WHAT IS REQUIRED:
In the entries below, find the line containing "ปั๊มน้ำมันแบบมือหมุนพลาสติก 200 ลิตร" and the line containing "В наборе два". Copy those two lines and everything between them exactly, without the pictures.

SOURCE MATERIAL:
● ● ● ●

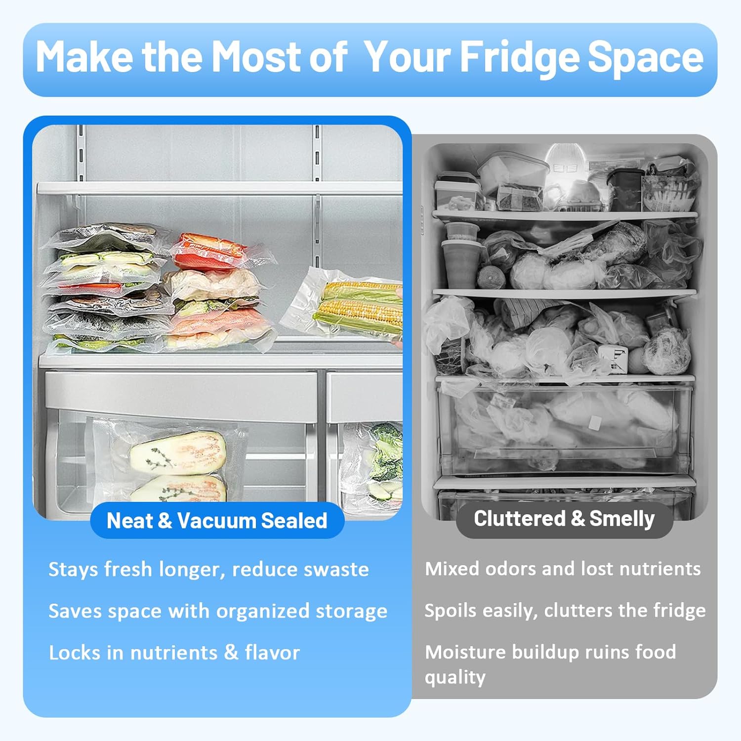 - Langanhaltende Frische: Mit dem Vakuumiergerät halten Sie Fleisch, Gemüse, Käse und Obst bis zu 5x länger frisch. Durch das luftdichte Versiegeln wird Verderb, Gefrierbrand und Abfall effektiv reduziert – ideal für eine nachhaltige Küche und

● ● ● ●

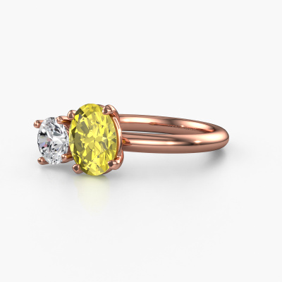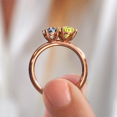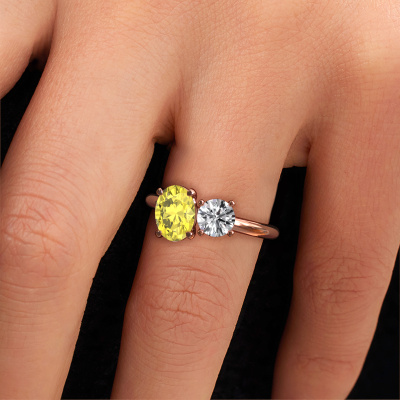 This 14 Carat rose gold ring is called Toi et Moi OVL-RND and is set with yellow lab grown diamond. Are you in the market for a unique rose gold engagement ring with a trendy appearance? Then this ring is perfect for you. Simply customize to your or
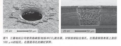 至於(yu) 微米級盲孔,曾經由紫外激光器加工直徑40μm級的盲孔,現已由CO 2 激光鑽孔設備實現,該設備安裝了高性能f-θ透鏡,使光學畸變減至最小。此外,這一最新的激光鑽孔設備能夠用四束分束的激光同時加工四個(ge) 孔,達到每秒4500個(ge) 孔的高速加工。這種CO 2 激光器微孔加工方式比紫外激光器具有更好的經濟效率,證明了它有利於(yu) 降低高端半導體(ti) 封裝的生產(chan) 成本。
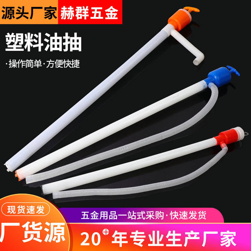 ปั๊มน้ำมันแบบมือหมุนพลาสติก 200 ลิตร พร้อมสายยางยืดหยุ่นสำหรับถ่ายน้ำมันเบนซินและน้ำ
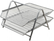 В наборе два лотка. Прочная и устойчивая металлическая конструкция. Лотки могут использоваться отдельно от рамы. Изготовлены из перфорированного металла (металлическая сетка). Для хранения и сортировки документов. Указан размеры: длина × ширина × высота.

● ● ● ●

ANSWER:
 ปั๊มน้ำมันแบบมือหมุนพลาสติก 200 ลิตร พร้อมสายยางยืดหยุ่นสำหรับถ่ายน้ำมันเบนซินและน้ำ
 В наборе два лотка. Прочная и устойчивая металлическая конструкция. Лотки могут использоваться отдельно от рамы. Изготовлены из перфорированного металла (металлическая сетка). Для хранения и сортировки документов. Указан размеры: длина × ширина × высота.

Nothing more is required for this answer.